TLDR
- Snap stock surged 7.13% on June 27, closing at $8.72 after opening at $8.30
- Edgewater Research suggests analysts are setting a low bar for Q2 earnings, creating potential for another earnings beat
- Company doubled consensus forecasts in Q1 with $0.08 profit per share, but Q2 forecasts predict only $0.01 per share
- Direct response advertising momentum is improving according to Edgewater, though they maintain neutral rating
- Stock hit intraday high of $8.95 but remains well below 52-week high of $17.33
Snap stock jumped 7.13% on June 27, closing at $8.72 as analysts suggested the social media company might beat earnings expectations again. The rally came after Edgewater Research argued that Wall Street is setting the bar too low for the company’s second quarter results.

The stock opened at $8.30 and quickly climbed to an intraday high of $8.95. Strong buying pressure marked the entire trading session. Despite some afternoon consolidation, the stock held most of its gains through the close.

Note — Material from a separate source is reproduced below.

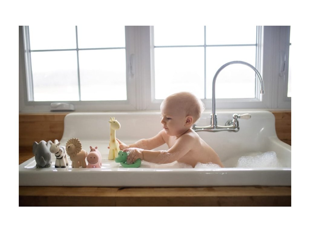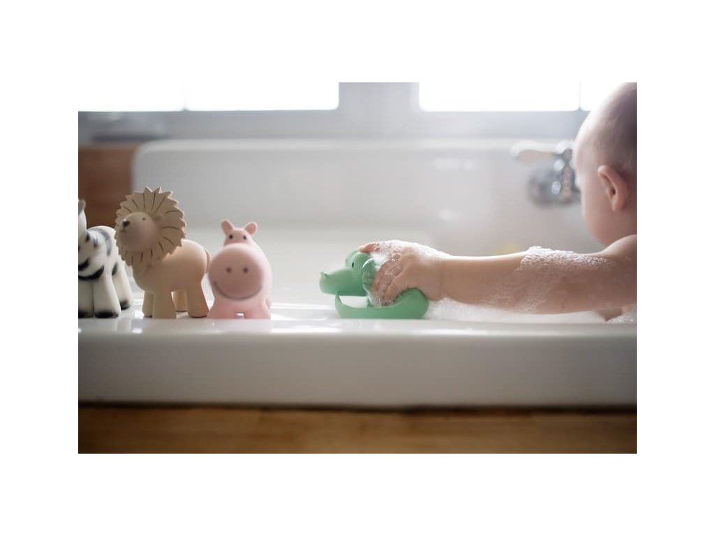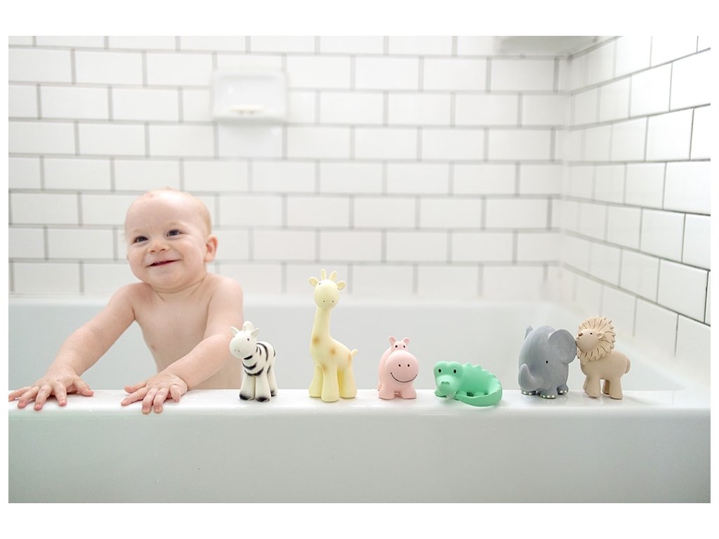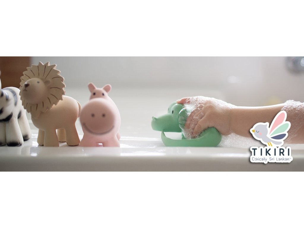 Roztomilé Tikiri zvieratká sú vyrobené z príjemne jemnej mäkkej prírodnej gumy z kaučukového stromu Hevea. Zvieratká nemajú žiadny otvor, ktorým by sa do vnútra mohla dostať vlhkosť, takže sú ideálne ako hračka do kúpeľa alebo hryzátko pri prerezávajúcich sa zúbkoch. Deti obľubujú špecifickú príjemnú vôňu a chuť prírodnej gumy a zaujme ich aj zvuk jemne znejúcej hrkálky vnútri zvieratka. Prírodná guma vyrobená z miazgy kaučukového stromu Hevea, ktorá je pravidelne odoberaná tak, aby strom netrpel, šetrne a udržateľne Ekologický, v prírode rozložiteľný materiál, bezpečný aj pre tie najmenšie bábätká Ručne maľované netoxickými rastlinnými farbami Neobsahuje BPA, PVC, ftaláty ani žiadne iné škodlivé látky Vhodné od narodenia Vyrobené na Srí Lanke vo fair trade podmienkach Vďaka ručnej práci je každé zvieratko jedinečné a prípadné drobné nerovnosti materiálu a odlišnosti v kresbe sú prirodzenou vlastnosťou Veľkosť zvieratiek: Hrošík: 8 x 12 x 5 cm Žirafka: 17 x 8 x 5 cm Zebra: 11 x 11 x 5,5 cm Sloník: 9 x 11 x 7 cm Levík: 11 x 7 x 5,5 cm Krokodíl: 5,5 x 9 x 9 cm

Trading volume reached 442,772 shares, well below the average daily volume of 38.2 million shares. After-hours trading showed minimal movement with the stock dipping slightly to $8.71.
Edgewater Research sparked the rally with commentary suggesting other analysts are being too pessimistic about Q2 earnings. The firm pointed to improving momentum in direct response advertising as a key factor that competitors are missing.

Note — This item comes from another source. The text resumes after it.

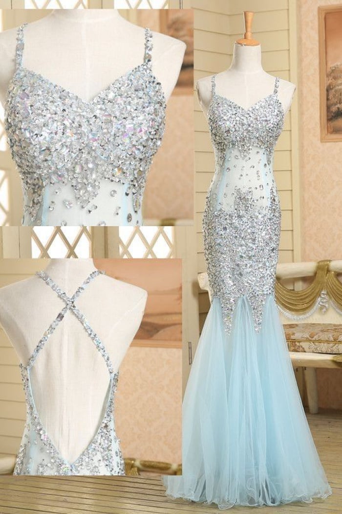 WD0487,Sexy V-neck Backless Mermaid Tulle Handmade Sequins Prom Dresses,Formal Dresses,Beading Evening Dresses

Current consensus forecasts predict Snap will earn just $0.01 per share in Q2 on revenue of $1.3 billion. That represents high single-digit sales growth but a sharp slowdown from Q1 performance.

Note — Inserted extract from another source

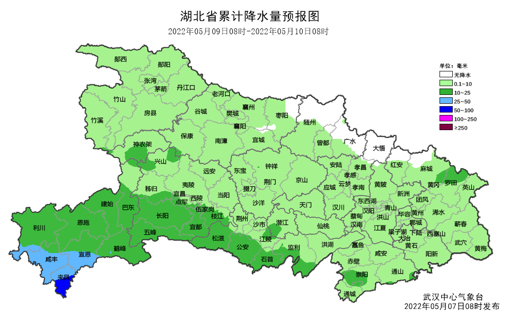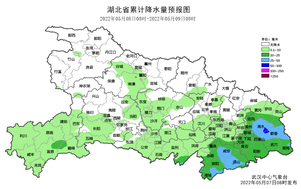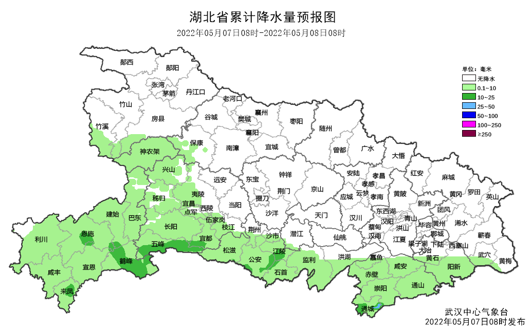 鄂西南、江汉平原南部、鄂东南、鄂东北东部阴天有小到中雨,局部大雨;其他地区阴天有小雨。

Earnings Beat History Sets Stage
The company delivered a surprise in Q1 by doubling consensus forecasts with $0.08 profit per share. This earnings beat came despite broader concerns about advertising spending in the current economic environment.
Edgewater maintains a neutral rating on the stock but is becoming more optimistic about near-term prospects. The firm specifically highlighted improvements in direct response advertising that other analysts may be overlooking.
The stock’s current price of $8.72 represents a move up from its 52-week low of $7.08. However, it remains far below the 52-week high of $17.33 reached earlier in the year.
Valuation Concerns Persist
Despite the positive momentum, valuation questions remain. The company trades at more than 46 times trailing free cash flow, a multiple that some analysts view as expensive given current growth rates.
Sales growth was only 8% in the most recent quarter. Earnings under generally accepted accounting principles remain negative despite the recent profitable quarter.
The market cap stands at $15 billion with gross margins of 51.4%. The company does not pay a dividend to shareholders.
Technical analysts note that $8.95 now serves as a key resistance level following Tuesday’s high. The closing price of $8.72 provides the first support level for any potential pullback.
$SNAP is breaking out the multi month resistance level. intrinsic value of the stock is over 30$ which implies 4 x from now. pic.twitter.com/Q6dBuffNqg
— Baltachi Research /π/ (@Baltachi_com) June 27, 2025
Strong momentum from a 7% single-day gain could attract additional buyers if the stock can maintain current levels. Some traders view any small dips as potential buying opportunities.
Conversely, profit-taking pressure could emerge after such a sharp move higher. Early investors may look to lock in gains at current price levels.
The company reports Q2 earnings on July 31, which will test whether Edgewater’s optimistic view proves correct. Direct response advertising trends will be closely watched in that report.
Current trading puts the stock at the upper end of its recent range but still well below previous highs. The stock’s 52-week range spans from $7.08 to $17.33, showing the volatile nature of the shares.
Snap closed Tuesday’s session with strong momentum as buyers stepped in throughout the day to push shares higher on analyst commentary about potential earnings upside.